━━━━━ Task input ━━━━━

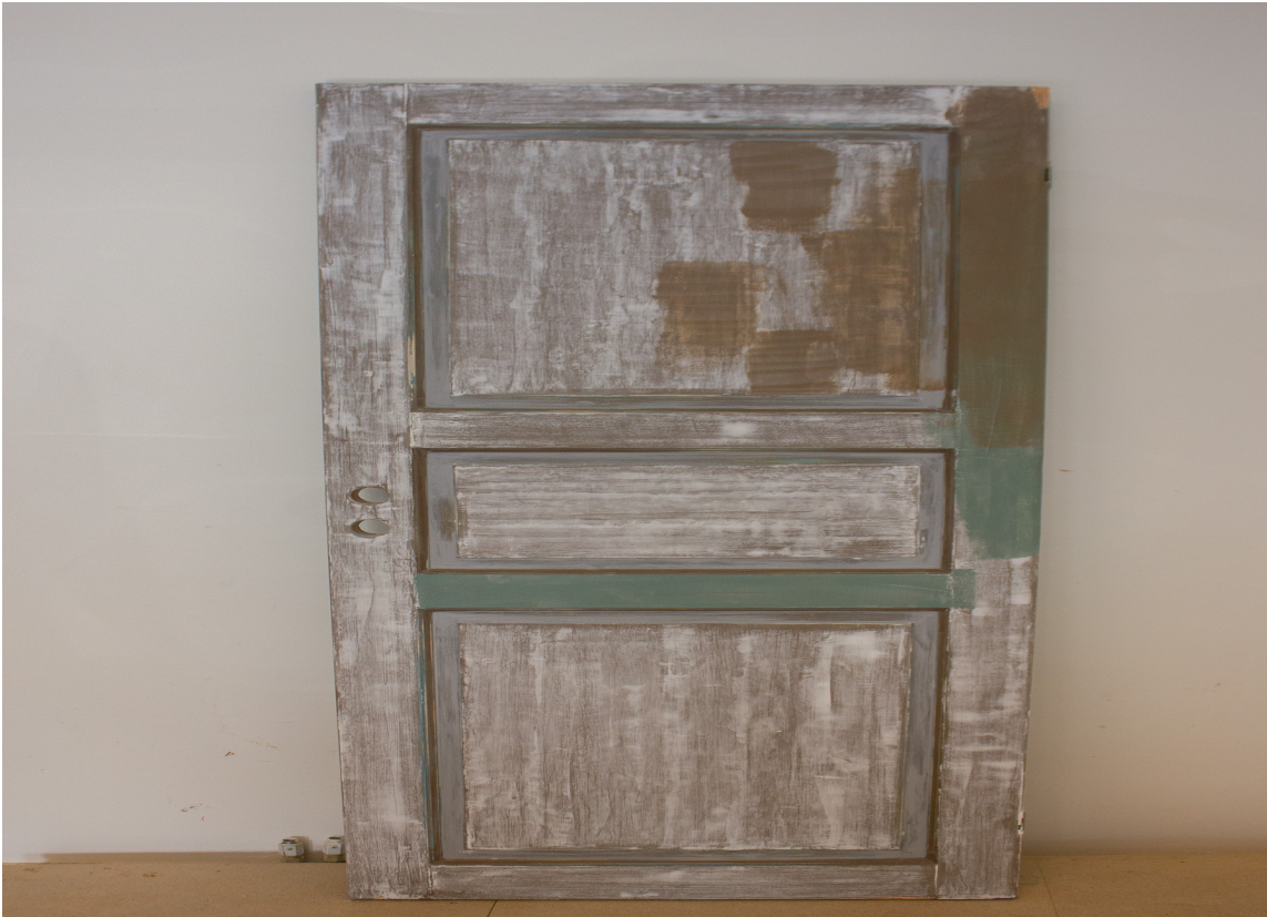
FØR: Slik så døren ut før vi satt i gang.
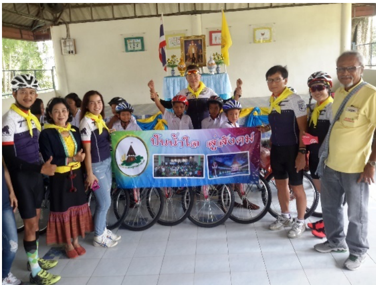
ภาพวันมอบน้ำใจจากชาวเราสู่ชาวกะเหรี่ยงชายขอบป่าเต็ง อำเภอกำแพงแสนจังหวัดเพชรบุรี
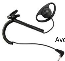
ECC/JACK35 Ecouteur mono Connecteur jack 3.5mm Avec câble torsadé et pince de fixation
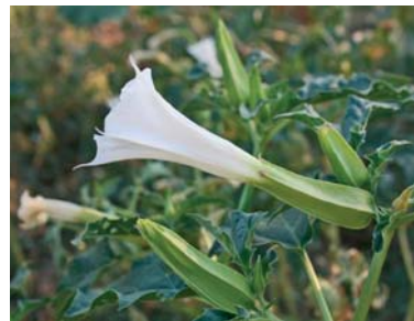
Slika 4. ► Kužnjak (13)

Vrste roda Datura L. primjenjuju se kao halucinogeni u obredima diljem svijeta. Cijela biljka, a osobito listovi i sjemenke, sadrži tropanske alkaloide. Omjer tropanskih alkaloida je različit od onog u velebilju pa je različito i djelovanje – izraženiji je depresorni učinak na središnji živčani sustav (9). Niže doze uzrokuju blagi kolinergički delirij koji traje od 8 do 12 sati, a veće doze euforiju, nadnaravnu interakciju sa svijetom, slušne halucinacije i paranojne deluzije koje mogu potrajati čak 3 dana (5). Skopolamin prati i zlokobno ime »zombi droga«, jer uzrokuje amneziju i submisivno ponašanje pa je često u pozadini pljački i seksualnih zločina, osobito u Južnoj Americi (14).
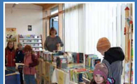
Büchereitag in Nassenfels
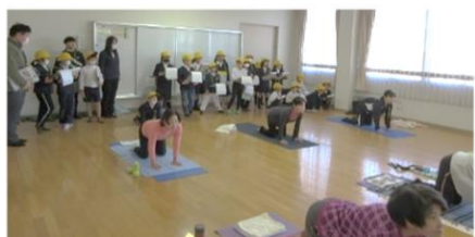
らくらくヨガさんのサークルを見学。 同じポーズをとって体験する児童も!
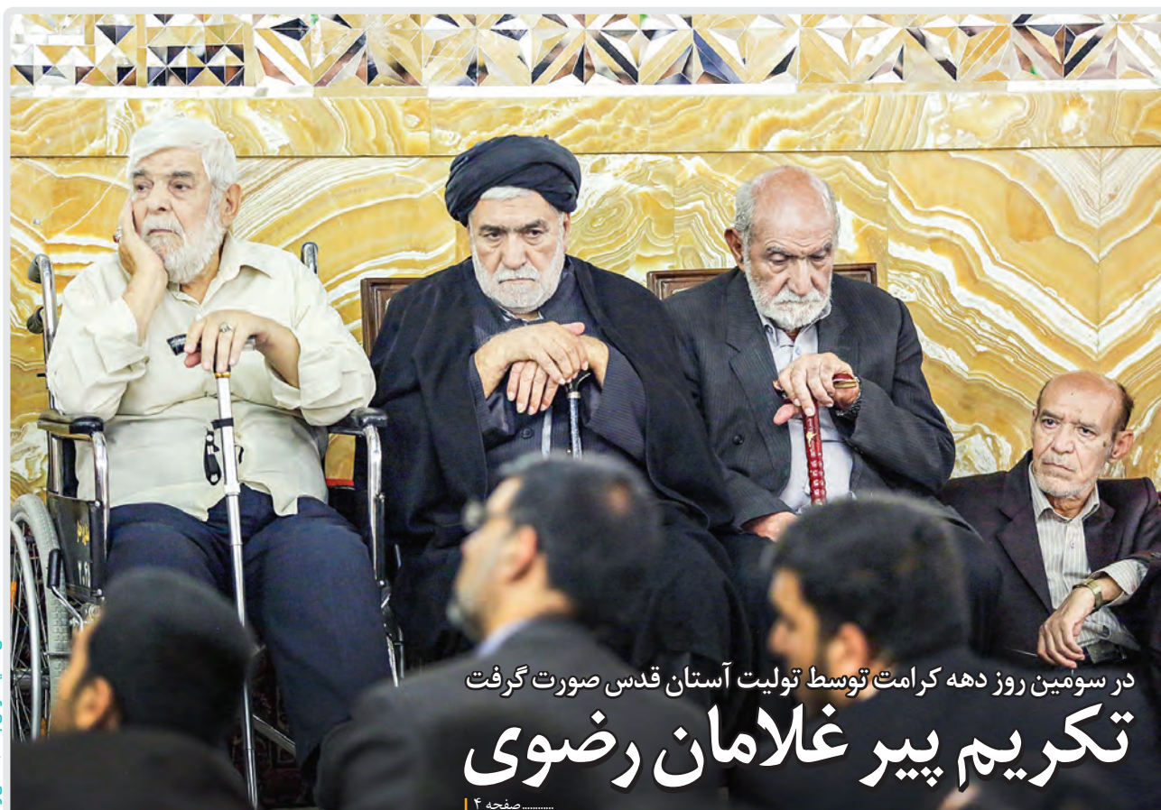
در سومین روز دهه کرامت توسط تولیت آستان قدس صورت گرفت تکریم پیر غلامان رضوی

با حضور کاروان‌های «زیر سایه خورشید» جشن‌های ویژه دختران در ۸ استان کشور برگزار شد کتابخانه‌های آستان قدس رضوی از خدمات متنوع کتابخانه‌های آستان قدس رضوی است میهمانی که دانایی سوغات می‌آورد اعضای کاروان «زیر سایه خورشید» در خیرگزاری‌ها رسانه‌های میزبان پرچم متبرک بارگاه منور رضوی
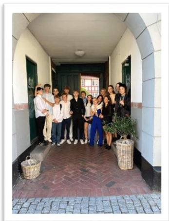
Filmpris til 9.y på Boesagerskolen
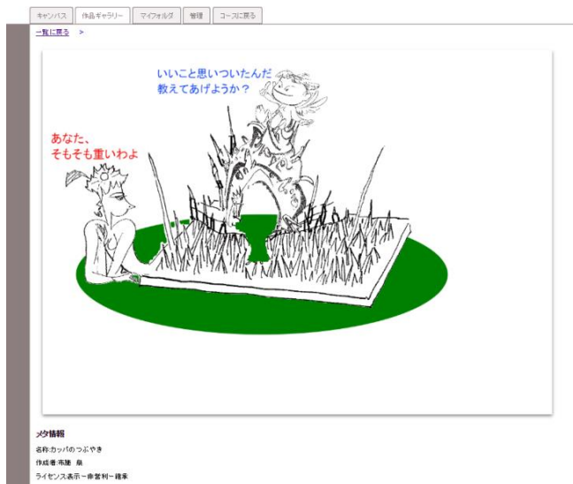
図5 「作品ギャラリー」の画面例（一覧と詳細）
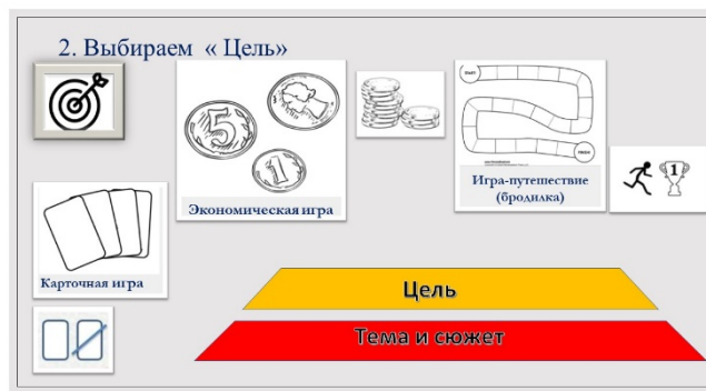
Рис. 4. Второй этап алгоритма создания игры «Пирамида Мастера игры»

3. После того, как цель выбрана, нужно определить, как нам ее достичь или как ходить. Это «Действия» (переворачивать карточки, бросать кубик, передвигать фишки и т. д.) (рис. 5).
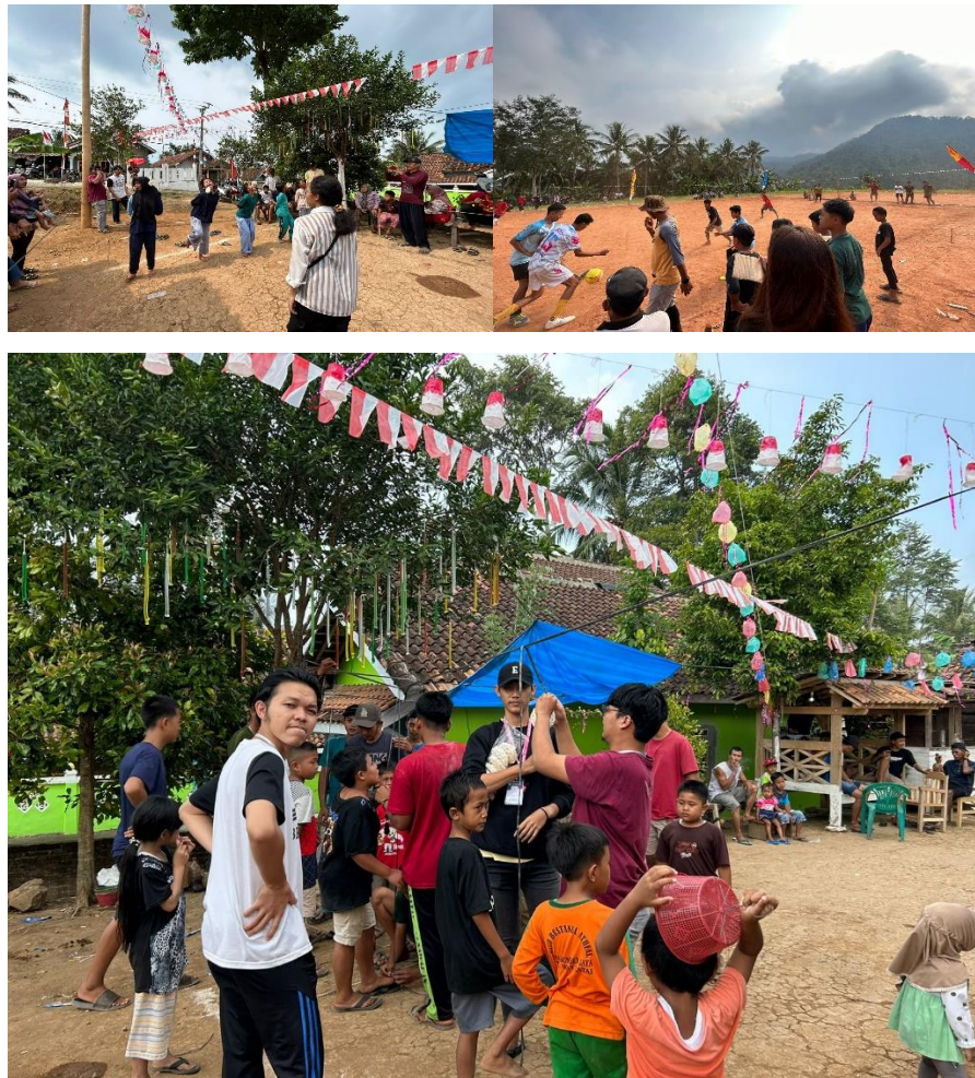
Gambar 2. 5 Kegiatan Panitia Lomba HUT-RI

Lomba ini dilakukan supaya menjadi kesempatan untuk semua masyarakat dapat bersosialisasi dan melatih Kerjasama dengan Karang Taruna Gerakan Pemuda Sejahtera (GPS) maupun Mahasiswa PKPM. Lomba ini dilaksanakan agar memeriahkan HUT-RI yang Ke-78.
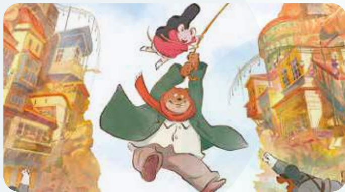
« Ernest et Célestine, le Voyage en Charabie » co-scénarisé par Jean Regnaud
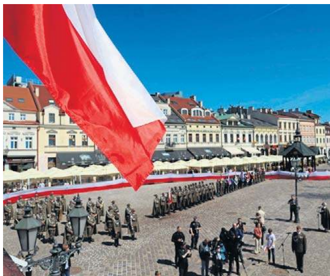
2 maja, Rynek w Rzeszowie: uroczystości, z udziałem Wojska Polskiego, z okazji Święta Flagi

W generalnej klasyfikacji Rzeszów, zdobywając 68,3 pkt, uplasował się na drugiej pozycji w kategorii miejszych miast grodzkich. Na pierwszym miejscu Sopot (71,0 pkt), na trzecim Świnoujście (66,2 pkt).
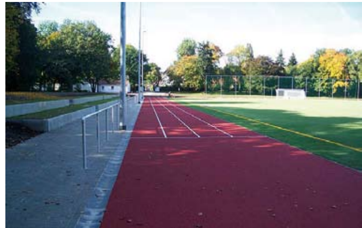
Törpe-Sportplatz nach der Sanierung

Im Rahmen des Konjunkturprogramms II der Bundesregierung wurde der Törpe-Sportplatz in der Leinefelder Straße grundhaft saniert und im Oktober 2010 wieder zur Nutzung freigegeben. Restarbeiten am Kunstrasenplatz und die Schaffung einer Zufahrt im hinteren Bereich des Sportplatzes mit Parkplatz an der Kindleber Straße realisierte die Stadt Gotha 2011. Zur fachgerechten Pflege des Kunstrasenplatzes war es notwendig das entsprechende Pflegegerät anzuschaffen.
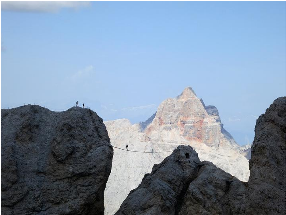
via ferrata Ivo Dibona (Monte Cristallo)
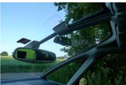
Pare-brise TGV pour le C4 et double rétroviseurs
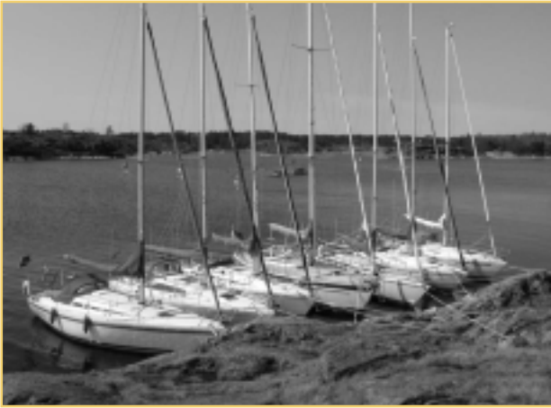
Angöring vid Låskär.
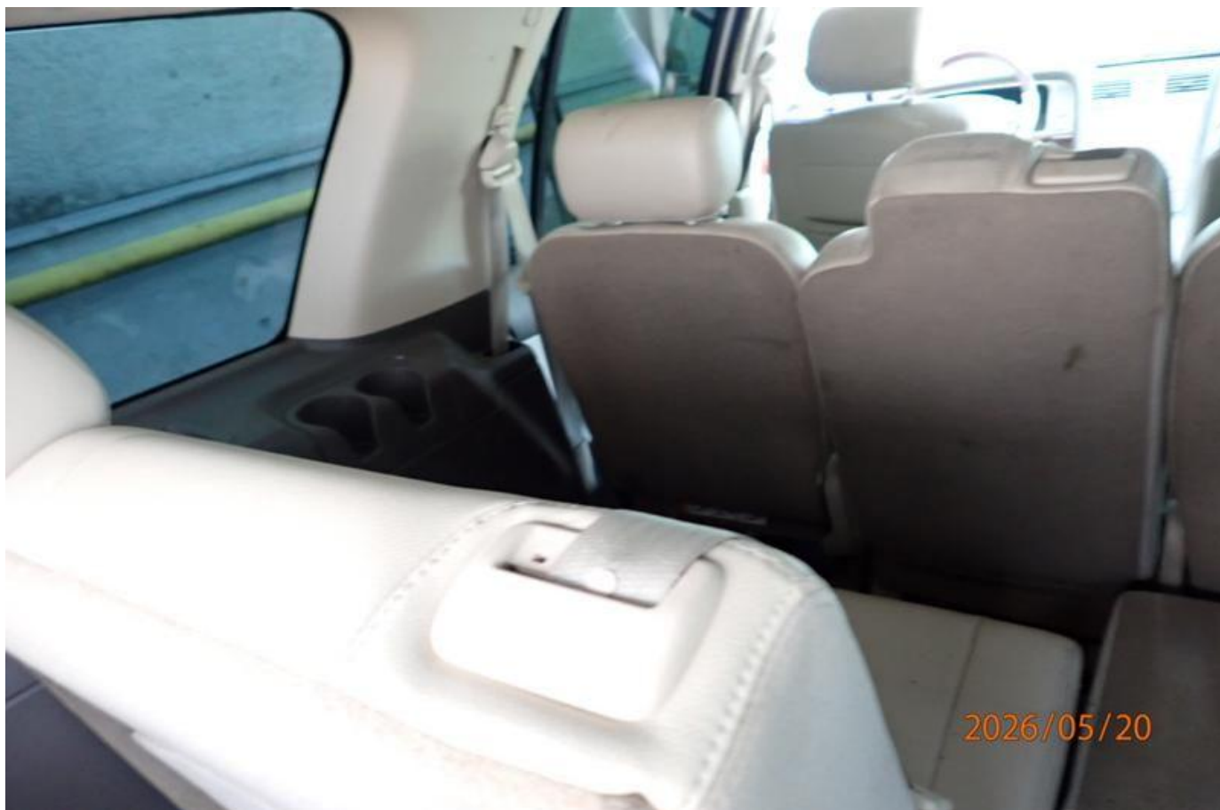
Fot. nr 142
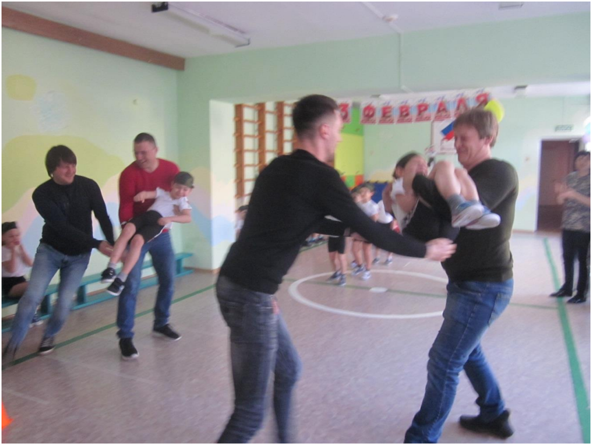
Эстафета «Перевези бойца»
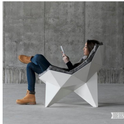
صورة رقم " 1 " توضح قطع اثاث بخطوط اختزالية لمصمم RON ARAD
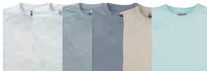
Weiss Asch Dunkel-aschgrau Grau Sand Eisblau
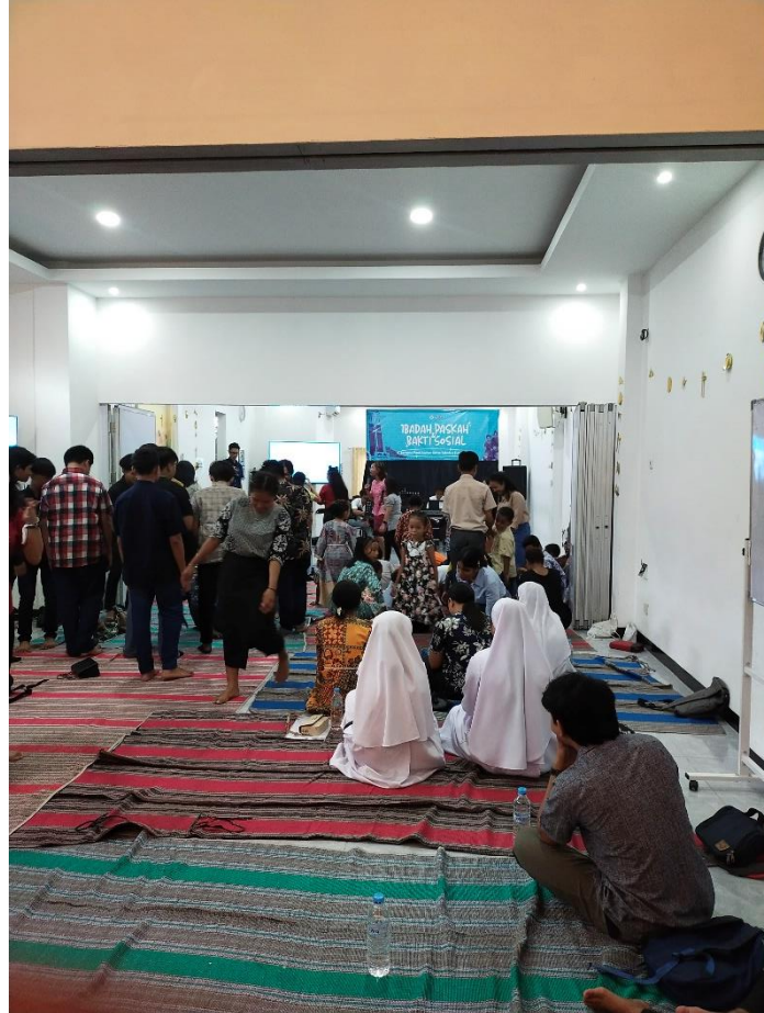
Lampiran 3 Kegiatan Berbagi Kasih Bersama Pantti Santo Yakobus Surabaya
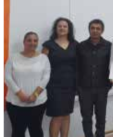
Yarışma sonrasında ödül alan katılımcılar ve öğre
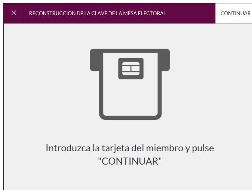
Imagen 1: Lectura de tarjeta para Mixing
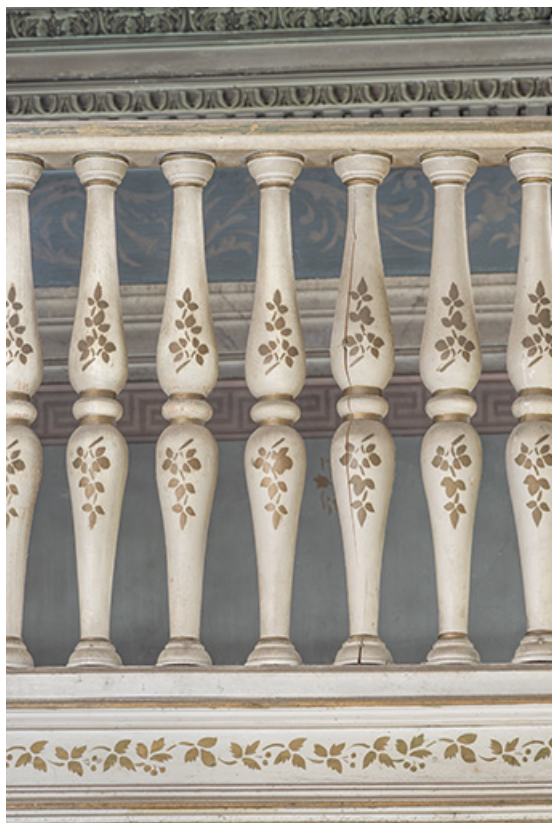
Chapelle. Détail des balustres de la tribune.

39, Salins-les-Bains, 8 rue des Claristes
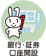
銀行・証券 口座開設
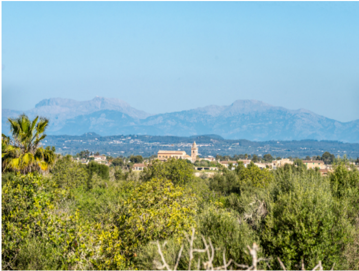
Beeindruckender Blick bis aufs Tramuntanagebirge

━━━━━

• Exercise aim:
Retype all the data exactly; skip the pictures.

• Result of this exercise:
FØR: Slik så døren ut før vi satt i gang.
ภาพวันมอบน้ำใจจากชาวเราสู่ชาวกะเหรี่ยงชายขอบป่าเต็ง อำเภอกำแพงแสนจังหวัดเพชรบุรี
ECC/JACK35 Ecouteur mono Connecteur jack 3.5mm Avec câble torsadé et pince de fixation
Slika 4. ► Kužnjak (13)

Vrste roda Datura L. primjenjuju se kao halucinogeni u obredima diljem svijeta. Cijela biljka, a osobito listovi i sjemenke, sadrži tropanske alkaloide. Omjer tropanskih alkaloida je različit od onog u velebilju pa je različito i djelovanje – izraženiji je depresorni učinak na središnji živčani sustav (9). Niže doze uzrokuju blagi kolinergički delirij koji traje od 8 do 12 sati, a veće doze euforiju, nadnaravnu interakciju sa svijetom, slušne halucinacije i paranojne deluzije koje mogu potrajati čak 3 dana (5). Skopolamin prati i zlokobno ime »zombi droga«, jer uzrokuje amneziju i submisivno ponašanje pa je često u pozadini pljački i seksualnih zločina, osobito u Južnoj Americi (14).
Büchereitag in Nassenfels
らくらくヨガさんのサークルを見学。 同じポーズをとって体験する児童も!
در سومین روز دهه کرامت توسط تولیت آستان قدس صورت گرفت تکریم پیر غلامان رضوی

با حضور کاروان‌های «زیر سایه خورشید» جشن‌های ویژه دختران در ۸ استان کشور برگزار شد کتابخانه‌های آستان قدس رضوی از خدمات متنوع کتابخانه‌های آستان قدس رضوی است میهمانی که دانایی سوغات می‌آورد اعضای کاروان «زیر سایه خورشید» در خیرگزاری‌ها رسانه‌های میزبان پرچم متبرک بارگاه منور رضوی
Filmpris til 9.y på Boesagerskolen
図5 「作品ギャラリー」の画面例（一覧と詳細）
Рис. 4. Второй этап алгоритма создания игры «Пирамида Мастера игры»

3. После того, как цель выбрана, нужно определить, как нам ее достичь или как ходить. Это «Действия» (переворачивать карточки, бросать кубик, передвигать фишки и т. д.) (рис. 5).
Gambar 2. 5 Kegiatan Panitia Lomba HUT-RI

Lomba ini dilakukan supaya menjadi kesempatan untuk semua masyarakat dapat bersosialisasi dan melatih Kerjasama dengan Karang Taruna Gerakan Pemuda Sejahtera (GPS) maupun Mahasiswa PKPM. Lomba ini dilaksanakan agar memeriahkan HUT-RI yang Ke-78.
« Ernest et Célestine, le Voyage en Charabie » co-scénarisé par Jean Regnaud
2 maja, Rynek w Rzeszowie: uroczystości, z udziałem Wojska Polskiego, z okazji Święta Flagi

W generalnej klasyfikacji Rzeszów, zdobywając 68,3 pkt, uplasował się na drugiej pozycji w kategorii miejszych miast grodzkich. Na pierwszym miejscu Sopot (71,0 pkt), na trzecim Świnoujście (66,2 pkt).
Törpe-Sportplatz nach der Sanierung

Im Rahmen des Konjunkturprogramms II der Bundesregierung wurde der Törpe-Sportplatz in der Leinefelder Straße grundhaft saniert und im Oktober 2010 wieder zur Nutzung freigegeben. Restarbeiten am Kunstrasenplatz und die Schaffung einer Zufahrt im hinteren Bereich des Sportplatzes mit Parkplatz an der Kindleber Straße realisierte die Stadt Gotha 2011. Zur fachgerechten Pflege des Kunstrasenplatzes war es notwendig das entsprechende Pflegegerät anzuschaffen.
via ferrata Ivo Dibona (Monte Cristallo)
Pare-brise TGV pour le C4 et double rétroviseurs
Angöring vid Låskär.
Fot. nr 142
Эстафета «Перевези бойца»
صورة رقم " 1 " توضح قطع اثاث بخطوط اختزالية لمصمم RON ARAD
Weiss Asch Dunkel-aschgrau Grau Sand Eisblau
Lampiran 3 Kegiatan Berbagi Kasih Bersama Pantti Santo Yakobus Surabaya
Yarışma sonrasında ödül alan katılımcılar ve öğre
Imagen 1: Lectura de tarjeta para Mixing
Chapelle. Détail des balustres de la tribune.

39, Salins-les-Bains, 8 rue des Claristes
銀行・証券 口座開設
Beeindruckender Blick bis aufs Tramuntanagebirge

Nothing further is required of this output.